YOUR TASK:
For this task, output every entry below exactly and omit the pictures.

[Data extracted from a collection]

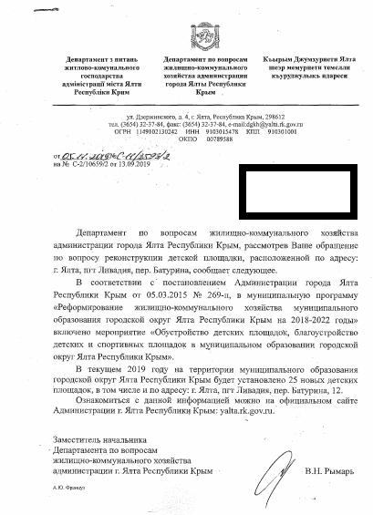 айГражданинОтправлено 12.09.2019: "Администрация города Ялты республики Крым"
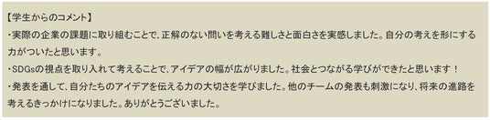 さらに、使用後のパックシートはふきんなどとして再利用できる素材を使うというSDGsの観点も取り入れた発表で、斬新なアイデアに感心しました。
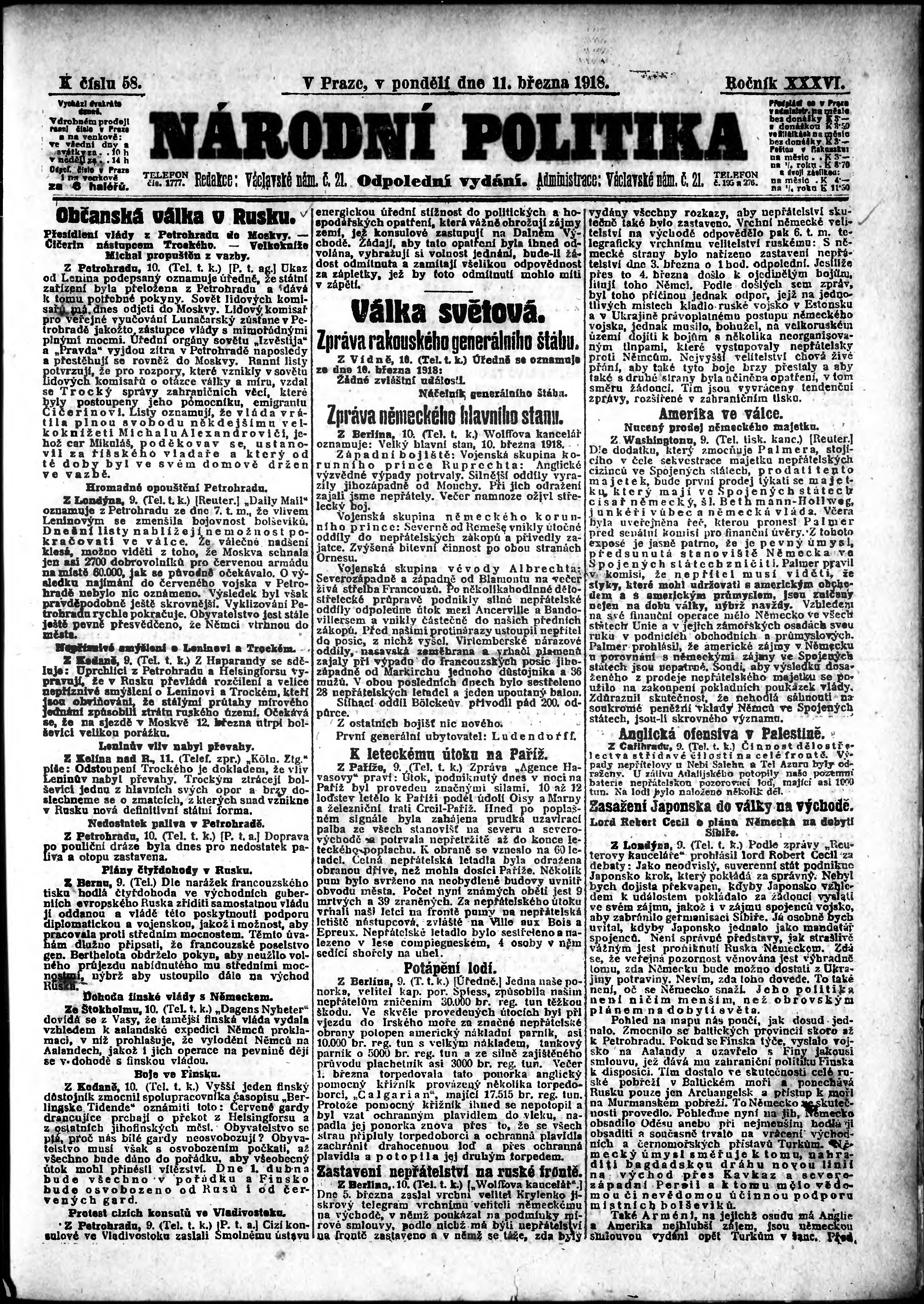* Datum vydání výtisku: 11.3.1918 Číslo výtisku: 58 Poznámky k výtisku: odpolední vydání;
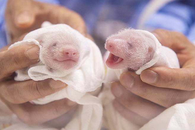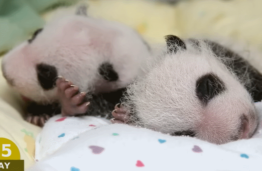 태어난 지 얼마 안 된 쌍둥이 판다! 3일 차, 4일 차, 5일 차…
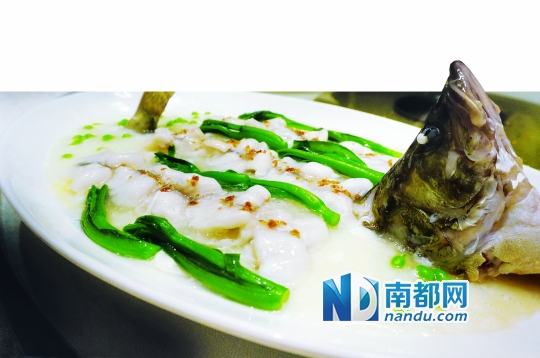 芙蓉桂鱼:“食鱼者首重在鲜”,用来形容顺德菜,再贴切不过。因为食材本身的鲜美,烹饪中也就极少用浓烈刺激的咸酸辛辣味,火候也掌握得恰到好处,既不能生,也不能过熟,如此才能保证菜品的鲜嫩纯正。万丽轩的另一道顺德经典菜品芙蓉桂鱼便是清淡且鲜甜。鱼肉切片去骨,下有嫩嫩的炖蛋铺底,吃起来爽口鲜滑,也不必担心鱼骨刺喉的问题,最是适合老人小孩。这道菜看似简单,其实最考验师傅的火候掌控,垫底的芙蓉(蛋清)和鱼片都是易熟的食材,稍微过一点火候就会变老和流失鲜味,所以能保持如此鲜嫩实是难得。
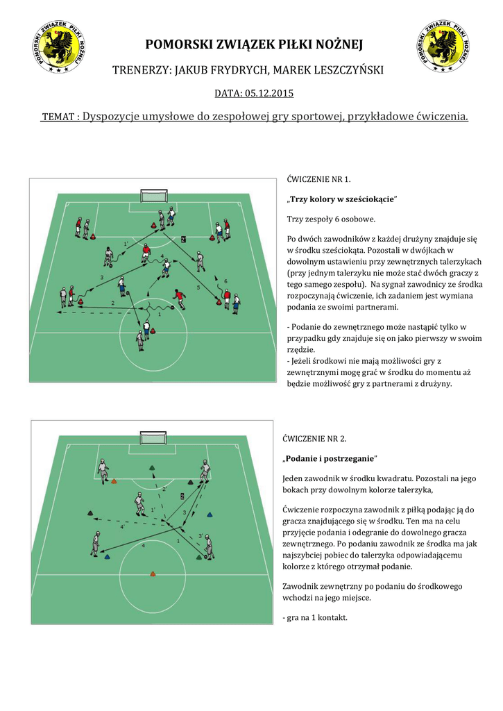 POMORSKI ZWIĄZEK PIŁKI NOŻNEJ TRENERZY: JAKUB FRYDRYCH, MAREK LESZCZYŃSKI DATA: 05.12.2015 TEMAT : Dyspozycje umysłowe do zespołowej gry sportowej, przykładowe ćwiczenia. ĆWICZENIE NR 1. „Trzy kolory w sześciokącie” Trzy zespoły 6 osobowe. Po dwóch zawodników z każdej drużyny znajduje się w środku sześciokąta. Pozostali w dwójkach w dowolnym ustawieniu przy zewnętrznych talerzykach (przy jednym talerzyku nie może stać dwóch graczy z tego samego zespołu). Na sygnał zawodnicy ze środka rozpoczynają ćwiczenie, ich zadaniem jest wymiana podania ze swoimi partnerami. - Podanie do zewnętrznego może nastąpić tylko w przypadku gdy znajduje się on jako pierwszy w swoim rzędzie. - Jeżeli środkowi nie mają możliwości gry z zewnętrznymi mogę grać w środku do momentu aż będzie możliwość gry z partnerami z drużyny. ĆWICZENIE NR 2. „Podanie i postrzeganie” Jeden zawodnik w środku kwadratu. Pozostali na jego bokach przy dowolnym kolorze talerzyka, Ćwiczenie rozpoczyna zawodnik z piłką podając ją do gracza znajdującego się w środku. Ten ma na celu przyjęcie podania i odegranie do dowolnego gracza zewnętrznego. Po podaniu zawodnik ze środka ma jak najszybciej pobiec do talerzyka odpowiadającemu kolorze z którego otrzymał podanie. Zawodnik zewnętrzny po podaniu do środkowego wchodzi na jego miejsce. - gra na 1 kontakt. ĆWICZENIE NR 3. „Pressing w rozgrzewce” Zawodnicy ustawieni w rombie. Trener rozpoczyna ćwiczenie podaniem do dowolnego gracza. Zasada ćwiczenia brzmi: - atakuj zawodnika na wprost, - graj w prawo, - idź w lewo. W dowolnym momencie zmiana kierunku podań piłki. Stopniowanie trudności : W zależności od ustawienia się obrońcy zawodnik podejmuje decyzję o kierunku podania, zmuszając pozostałych graczy do podjęcia odpowiedniego działania w celu odebrania piłki. ĆWICZENIE NR 4. „Gra na utrzymanie” Zawodnicy drużyny, która posiada piłkę muszą znajdować się w różnych kwadratach. Jeśli dwóch z nich znajdzie się w tym samym tracą piłkę. - Po podaniu zawodnik przebiega do innego kwadratu. - Gra z wykorzystaniem graczy neutralnych (2 kontakty z piłką). - Zwracamy uwagę na pozycję otwartą, aby zebrać jak najwięcej informacji: gdzie jest piłka, gdzie rywal, gdzie kolega z zespołu i gdzie jest wolna przestrzeń. ĆWICZENIE NR 5. „1x1 ze wsparciem 2x1” Dwóch graczy w środku (szary i czerwony) oraz po dwóch zawodników z przeciwnej drużyny przy zewnętrznych talerzykach. Ćwiczenie rozpoczyna zespół „szary”, zawodnik przy piłce ma za zadanie wygrać pojedynek 1x1 i podać piłkę do zewnętrznego. W tym momencie startuje dwóch skrzydłowych, którzy wchodzą do kwadratów w celu zrobienia przewagi w grze. Zawodnik, który otrzymał podanie decyduje czy rozegrać akcje 1x1czy wykorzystać sytuację 2x1i przeprowadzić piłkę na drugą stronę. ĆWICZENIE NR 6. „Skrzydłowi” Napastnik z piłką rozpoczyna grę 1x1 w określonej strefie. Obrońca ma za zadanie opóźniać grę. Trener uruchamia na sygnał dwóch skrzydłowych jeden w kolorze napastnika, drugi w kolorze obrońcy. Zadaniem atakującego jest zagranie piłki do właściwego zawodnika tak aby ten nie znalazł się na pozycji spalonej. - obrońca może odbierać piłkę w dowolnym momencie - trener może wysłać dwóch skrzydłowych w kolorze atakujących lub broniących. - jeżeli skrzydłowi są w kolorze broniących atakujący sam kończy akcję ofensywną. ĆWICZENIE NR 7. „Kółko i krzyżyk” Dwa zespoły, 4 zawodników posiada koszulki w wybranym kolorze. Na sygnał trenera ruszają kolejno aby utworzyć z nich linię odpowiednio przy wybranym talerzyku. Kolejny z drużyny może ruszyć dopiero kiedy pierwszy wróci do zespołu. Wygrywa drużyna, która jako pierwsza wykona zadanie. - drużyny mogą się blokować, - trener ustala do ilu punktów trwa zabawa, - zawodnicy mogą poruszać się z piłką lub bez.

RESULT OF THIS EXERCISE:
 айГражданинОтправлено 12.09.2019: "Администрация города Ялты республики Крым"
 さらに、使用後のパックシートはふきんなどとして再利用できる素材を使うというSDGsの観点も取り入れた発表で、斬新なアイデアに感心しました。
* Datum vydání výtisku: 11.3.1918 Číslo výtisku: 58 Poznámky k výtisku: odpolední vydání;
 태어난 지 얼마 안 된 쌍둥이 판다! 3일 차, 4일 차, 5일 차…
 芙蓉桂鱼:“食鱼者首重在鲜”,用来形容顺德菜,再贴切不过。因为食材本身的鲜美,烹饪中也就极少用浓烈刺激的咸酸辛辣味,火候也掌握得恰到好处,既不能生,也不能过熟,如此才能保证菜品的鲜嫩纯正。万丽轩的另一道顺德经典菜品芙蓉桂鱼便是清淡且鲜甜。鱼肉切片去骨,下有嫩嫩的炖蛋铺底,吃起来爽口鲜滑,也不必担心鱼骨刺喉的问题,最是适合老人小孩。这道菜看似简单,其实最考验师傅的火候掌控,垫底的芙蓉(蛋清)和鱼片都是易熟的食材,稍微过一点火候就会变老和流失鲜味,所以能保持如此鲜嫩实是难得。
 POMORSKI ZWIĄZEK PIŁKI NOŻNEJ TRENERZY: JAKUB FRYDRYCH, MAREK LESZCZYŃSKI DATA: 05.12.2015 TEMAT : Dyspozycje umysłowe do zespołowej gry sportowej, przykładowe ćwiczenia. ĆWICZENIE NR 1. „Trzy kolory w sześciokącie” Trzy zespoły 6 osobowe. Po dwóch zawodników z każdej drużyny znajduje się w środku sześciokąta. Pozostali w dwójkach w dowolnym ustawieniu przy zewnętrznych talerzykach (przy jednym talerzyku nie może stać dwóch graczy z tego samego zespołu). Na sygnał zawodnicy ze środka rozpoczynają ćwiczenie, ich zadaniem jest wymiana podania ze swoimi partnerami. - Podanie do zewnętrznego może nastąpić tylko w przypadku gdy znajduje się on jako pierwszy w swoim rzędzie. - Jeżeli środkowi nie mają możliwości gry z zewnętrznymi mogę grać w środku do momentu aż będzie możliwość gry z partnerami z drużyny. ĆWICZENIE NR 2. „Podanie i postrzeganie” Jeden zawodnik w środku kwadratu. Pozostali na jego bokach przy dowolnym kolorze talerzyka, Ćwiczenie rozpoczyna zawodnik z piłką podając ją do gracza znajdującego się w środku. Ten ma na celu przyjęcie podania i odegranie do dowolnego gracza zewnętrznego. Po podaniu zawodnik ze środka ma jak najszybciej pobiec do talerzyka odpowiadającemu kolorze z którego otrzymał podanie. Zawodnik zewnętrzny po podaniu do środkowego wchodzi na jego miejsce. - gra na 1 kontakt. ĆWICZENIE NR 3. „Pressing w rozgrzewce” Zawodnicy ustawieni w rombie. Trener rozpoczyna ćwiczenie podaniem do dowolnego gracza. Zasada ćwiczenia brzmi: - atakuj zawodnika na wprost, - graj w prawo, - idź w lewo. W dowolnym momencie zmiana kierunku podań piłki. Stopniowanie trudności : W zależności od ustawienia się obrońcy zawodnik podejmuje decyzję o kierunku podania, zmuszając pozostałych graczy do podjęcia odpowiedniego działania w celu odebrania piłki. ĆWICZENIE NR 4. „Gra na utrzymanie” Zawodnicy drużyny, która posiada piłkę muszą znajdować się w różnych kwadratach. Jeśli dwóch z nich znajdzie się w tym samym tracą piłkę. - Po podaniu zawodnik przebiega do innego kwadratu. - Gra z wykorzystaniem graczy neutralnych (2 kontakty z piłką). - Zwracamy uwagę na pozycję otwartą, aby zebrać jak najwięcej informacji: gdzie jest piłka, gdzie rywal, gdzie kolega z zespołu i gdzie jest wolna przestrzeń. ĆWICZENIE NR 5. „1x1 ze wsparciem 2x1” Dwóch graczy w środku (szary i czerwony) oraz po dwóch zawodników z przeciwnej drużyny przy zewnętrznych talerzykach. Ćwiczenie rozpoczyna zespół „szary”, zawodnik przy piłce ma za zadanie wygrać pojedynek 1x1 i podać piłkę do zewnętrznego. W tym momencie startuje dwóch skrzydłowych, którzy wchodzą do kwadratów w celu zrobienia przewagi w grze. Zawodnik, który otrzymał podanie decyduje czy rozegrać akcje 1x1czy wykorzystać sytuację 2x1i przeprowadzić piłkę na drugą stronę. ĆWICZENIE NR 6. „Skrzydłowi” Napastnik z piłką rozpoczyna grę 1x1 w określonej strefie. Obrońca ma za zadanie opóźniać grę. Trener uruchamia na sygnał dwóch skrzydłowych jeden w kolorze napastnika, drugi w kolorze obrońcy. Zadaniem atakującego jest zagranie piłki do właściwego zawodnika tak aby ten nie znalazł się na pozycji spalonej. - obrońca może odbierać piłkę w dowolnym momencie - trener może wysłać dwóch skrzydłowych w kolorze atakujących lub broniących. - jeżeli skrzydłowi są w kolorze broniących atakujący sam kończy akcję ofensywną. ĆWICZENIE NR 7. „Kółko i krzyżyk” Dwa zespoły, 4 zawodników posiada koszulki w wybranym kolorze. Na sygnał trenera ruszają kolejno aby utworzyć z nich linię odpowiednio przy wybranym talerzyku. Kolejny z drużyny może ruszyć dopiero kiedy pierwszy wróci do zespołu. Wygrywa drużyna, która jako pierwsza wykona zadanie. - drużyny mogą się blokować, - trener ustala do ilu punktów trwa zabawa, - zawodnicy mogą poruszać się z piłką lub bez.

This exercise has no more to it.